--- Task material Enclosed Below ---

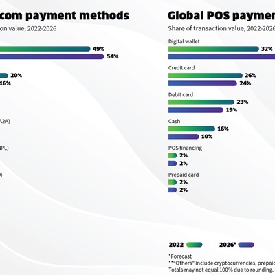 最直接的结论是:数字钱包的大幅崛起,尤其是现在 POS 在 2022-2026 增幅很大。信用卡和传统借记卡在全球角度看仍然有不小的比例。
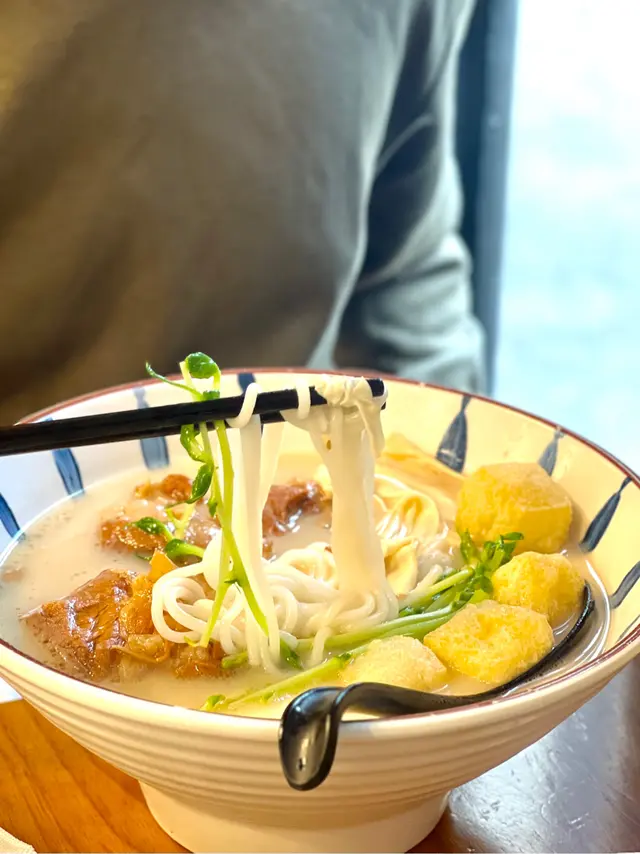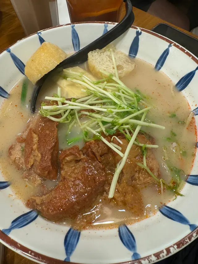 又一間新蒲崗名店,大約6點半去到已經好多人1-2人堂食要搭枱,食完嘅出面排緊長龍,想食嘅朋友記住預早啲去~🌩️ 慢煮豬軟骨米線 $52 🤍 4/5 叫咗BB辣,辣度温和但夠惹味。第一次見到有通心米線可以揀,食落通心嘅感覺但唔係好突出,有啲似食緊幼身烏冬幾特別🤣配料嚟講都好足料,豬軟骨大大嚿肥瘦均勻,煮到好腍好出色🌟仲揀咗魚腐同蘿蔔,蘿蔔吸晒啲湯汁好入味👍🏻魚腐係比較厚實似魚丸嗰種,個人偏好嗰種好有空氣感似豆卜嘅,所以就見仁見智。🌩️ 香茅豬頸肉米線 $57 🤍 4/5 選擇左招牌豬骨湯同炸醬芝士丸,湯底十分之濃郁,豬頸肉滿滿焦香,亦都水準之上🥰 芝士丸有少少芥末,層次豐富。🌩️ 自家製手作蝦多士 $26 🤍5/5大推呢個蝦多士‼️ 得兩件但係好足料,麵包炸到金黃酥脆,入邊大蝦鮮甜彈牙🦐回味無窮😍🌩️ 八味豆腐 $28 🤍 4.5/5 香脆軟滑,比起平時其他茶樓食既更加香口,而且份量充足,推介之一🌟🌩️ 特色檸益(跟餐+$15) 🤍 3/5益力多加檸檬嘅配搭,不過不失。…查看更多
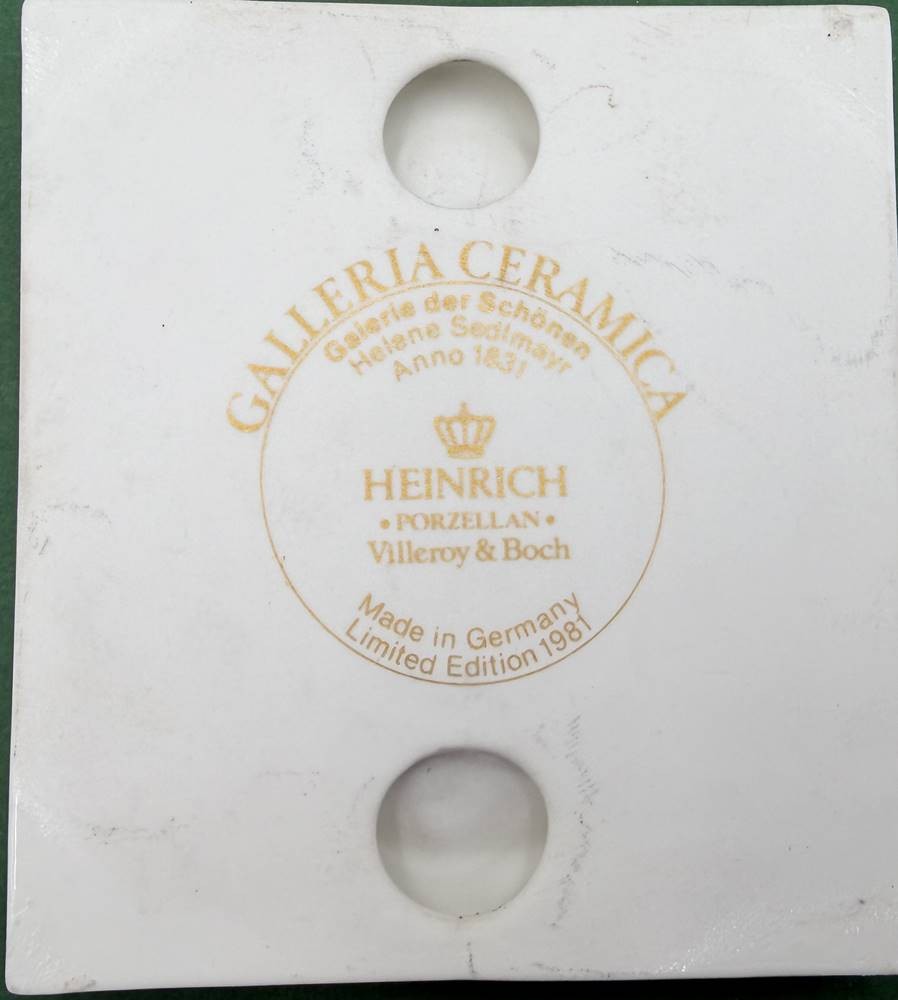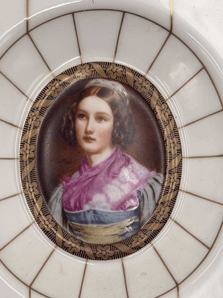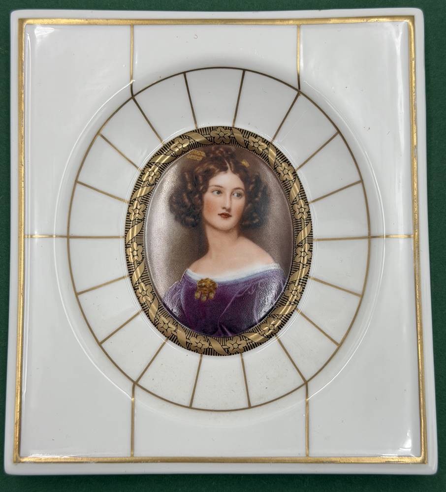 6x Portrait Miniaturen, Kunstdrucke auf "Heinrich" Porzellan, 11x10 cm, 1x Abplatzer am unteren Rand-Galerie der Schönen, verso betitelt [1]
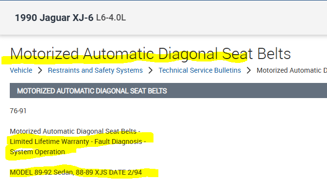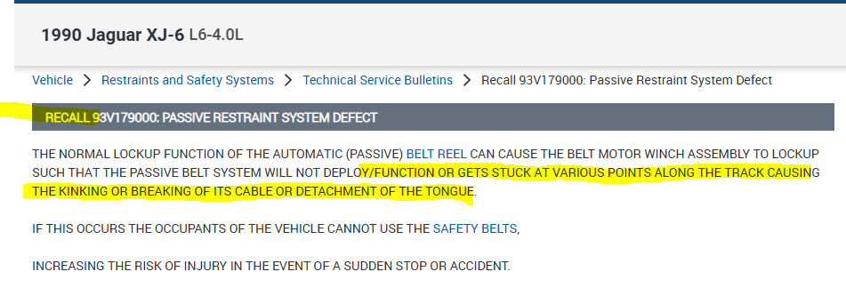 The passive restraint belt (passenger) will not retract when the door is opened or the vehicle turned off. The belt will continously sound as if it is engaging then disengaging, but will not move from it's fixed position (engaged).
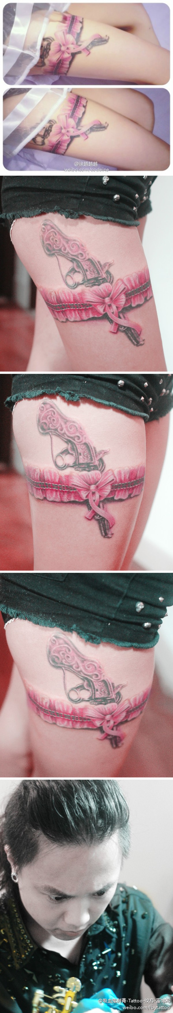 美女腿部时尚潮流的蕾丝手枪纹身图案_腿部纹身图案大全_纹身图吧
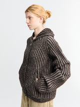 Level Hood Sweater i Vanise Brown Stripe Isels Wool
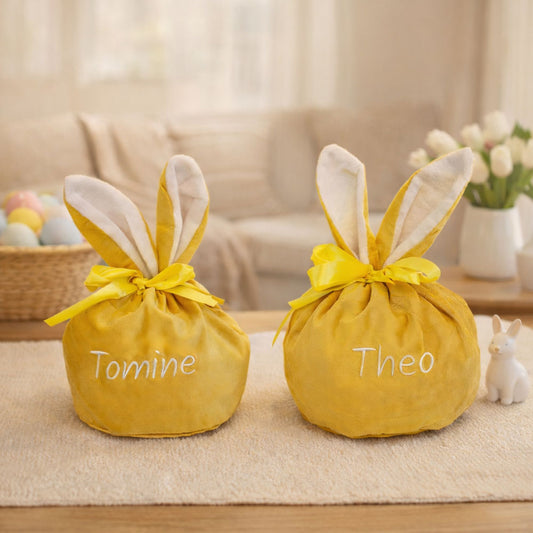 Personlig påskepose med navn – Gul kaninpose
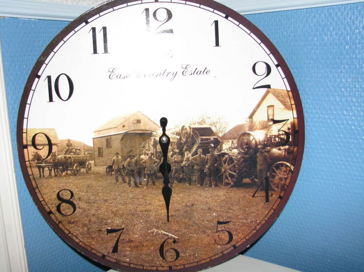 Isä osti tämän kellon eteiseen. Jostain syystä se ei toiminut. Äiti oli jo viemässä sitä roskakoriin, mutta sen kauniin taustakuvan vuoksi halusin ottaa sen talteen. Se ei käy, mutta koristaa huonettani lipaston päältä.
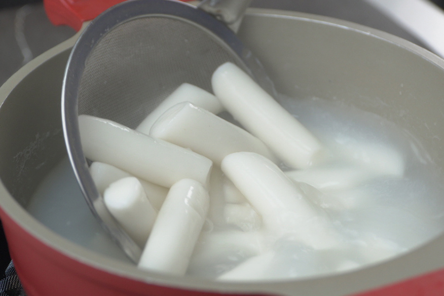 - Luộc bánh gạo trong khoảng 5-7 phút, bánh hơi nổi lên thì tắt bếp.
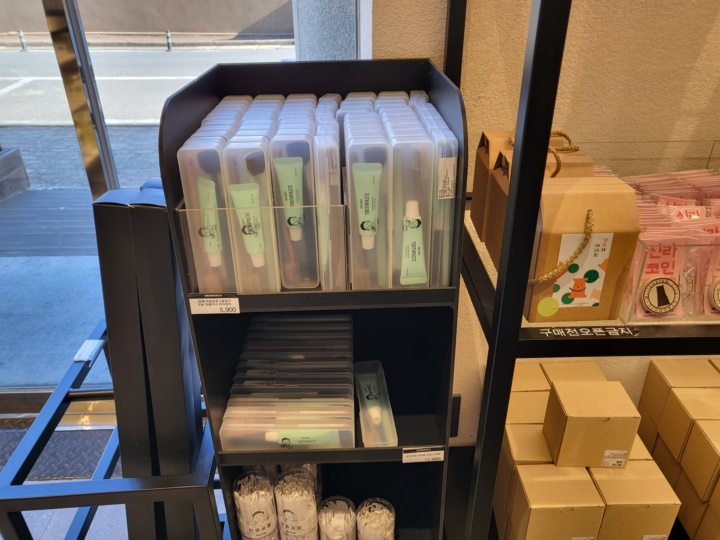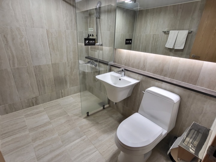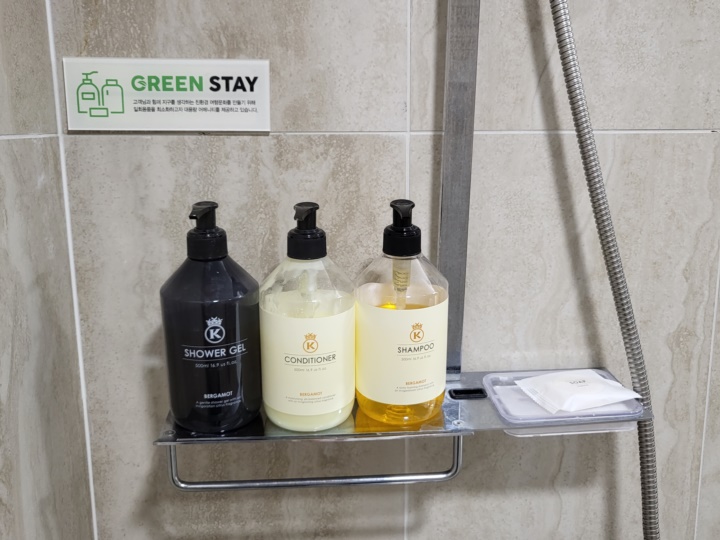 치약, 칫솔 등 일회용품은 비치되어 있지 않다. 다회용으로 샤워젤과 샴푸, 컨디셔너가 준비되어 있으며 비누도 제공된다.

--- End of Enclosed Task material ---

Task to complete: Please output all of the data exactly as given, omitting any images it holds.

Result:
 最直接的结论是:数字钱包的大幅崛起,尤其是现在 POS 在 2022-2026 增幅很大。信用卡和传统借记卡在全球角度看仍然有不小的比例。
 又一間新蒲崗名店,大約6點半去到已經好多人1-2人堂食要搭枱,食完嘅出面排緊長龍,想食嘅朋友記住預早啲去~🌩️ 慢煮豬軟骨米線 $52 🤍 4/5 叫咗BB辣,辣度温和但夠惹味。第一次見到有通心米線可以揀,食落通心嘅感覺但唔係好突出,有啲似食緊幼身烏冬幾特別🤣配料嚟講都好足料,豬軟骨大大嚿肥瘦均勻,煮到好腍好出色🌟仲揀咗魚腐同蘿蔔,蘿蔔吸晒啲湯汁好入味👍🏻魚腐係比較厚實似魚丸嗰種,個人偏好嗰種好有空氣感似豆卜嘅,所以就見仁見智。🌩️ 香茅豬頸肉米線 $57 🤍 4/5 選擇左招牌豬骨湯同炸醬芝士丸,湯底十分之濃郁,豬頸肉滿滿焦香,亦都水準之上🥰 芝士丸有少少芥末,層次豐富。🌩️ 自家製手作蝦多士 $26 🤍5/5大推呢個蝦多士‼️ 得兩件但係好足料,麵包炸到金黃酥脆,入邊大蝦鮮甜彈牙🦐回味無窮😍🌩️ 八味豆腐 $28 🤍 4.5/5 香脆軟滑,比起平時其他茶樓食既更加香口,而且份量充足,推介之一🌟🌩️ 特色檸益(跟餐+$15) 🤍 3/5益力多加檸檬嘅配搭,不過不失。…查看更多
 6x Portrait Miniaturen, Kunstdrucke auf "Heinrich" Porzellan, 11x10 cm, 1x Abplatzer am unteren Rand-Galerie der Schönen, verso betitelt [1]
 The passive restraint belt (passenger) will not retract when the door is opened or the vehicle turned off. The belt will continously sound as if it is engaging then disengaging, but will not move from it's fixed position (engaged).
 美女腿部时尚潮流的蕾丝手枪纹身图案_腿部纹身图案大全_纹身图吧
 Level Hood Sweater i Vanise Brown Stripe Isels Wool
 Personlig påskepose med navn – Gul kaninpose
 Isä osti tämän kellon eteiseen. Jostain syystä se ei toiminut. Äiti oli jo viemässä sitä roskakoriin, mutta sen kauniin taustakuvan vuoksi halusin ottaa sen talteen. Se ei käy, mutta koristaa huonettani lipaston päältä.
 - Luộc bánh gạo trong khoảng 5-7 phút, bánh hơi nổi lên thì tắt bếp.
 치약, 칫솔 등 일회용품은 비치되어 있지 않다. 다회용으로 샤워젤과 샴푸, 컨디셔너가 준비되어 있으며 비누도 제공된다.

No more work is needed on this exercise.